▶ What this task involves
Word for word, transcribe the listing that follows, minus any pictures.

▶ Dataset excerpt
◇ ◇ ◇ ◇ ◇

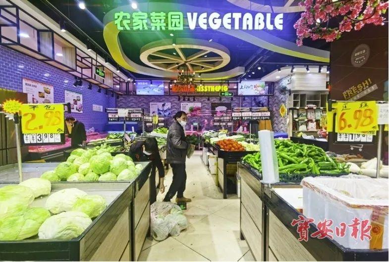 防范区市民到超市采购物资,各大超市货物供应充足,价格平稳。
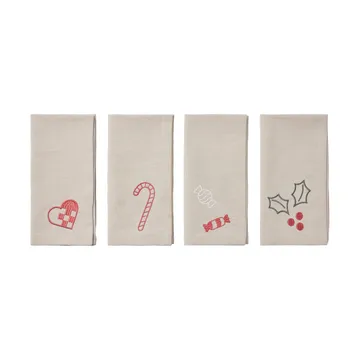 Guardanapo de pano Fryd 45x45 cm 4 unidades da dinamarquesa Broste Copenhagen são guardanapos feitos de algodão adornados com bordados temáticos de Natal. Os belos guardanapos de pano criam uma sensação acolhedora e fazem seus convidados se sentirem bem cuidados nas refeições de Natal.
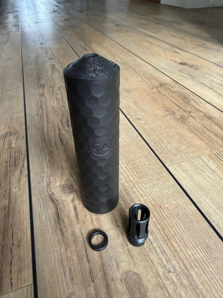 Dieser Schalldämpfer besteht aus Titan und wiegt nur 248g !!! Das Material ist hitzeverträglich, der SD daher auch Schießkinotauglich!
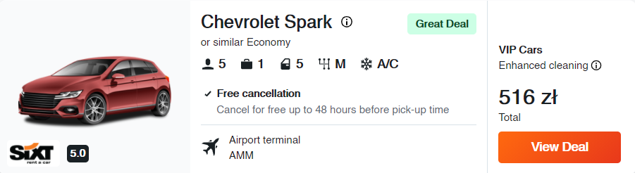 Zwiedzanie Jordanii ułatwi wam wypożyczony samochód. W przypadku tej podróży polecam wam samochód marki Chevrolet (model Spark lub inne auto zbliżonej klasy).

◇ ◇ ◇ ◇ ◇

▶ Answer to this task
 防范区市民到超市采购物资,各大超市货物供应充足,价格平稳。
 Guardanapo de pano Fryd 45x45 cm 4 unidades da dinamarquesa Broste Copenhagen são guardanapos feitos de algodão adornados com bordados temáticos de Natal. Os belos guardanapos de pano criam uma sensação acolhedora e fazem seus convidados se sentirem bem cuidados nas refeições de Natal.
 Dieser Schalldämpfer besteht aus Titan und wiegt nur 248g !!! Das Material ist hitzeverträglich, der SD daher auch Schießkinotauglich!
 Zwiedzanie Jordanii ułatwi wam wypożyczony samochód. W przypadku tej podróży polecam wam samochód marki Chevrolet (model Spark lub inne auto zbliżonej klasy).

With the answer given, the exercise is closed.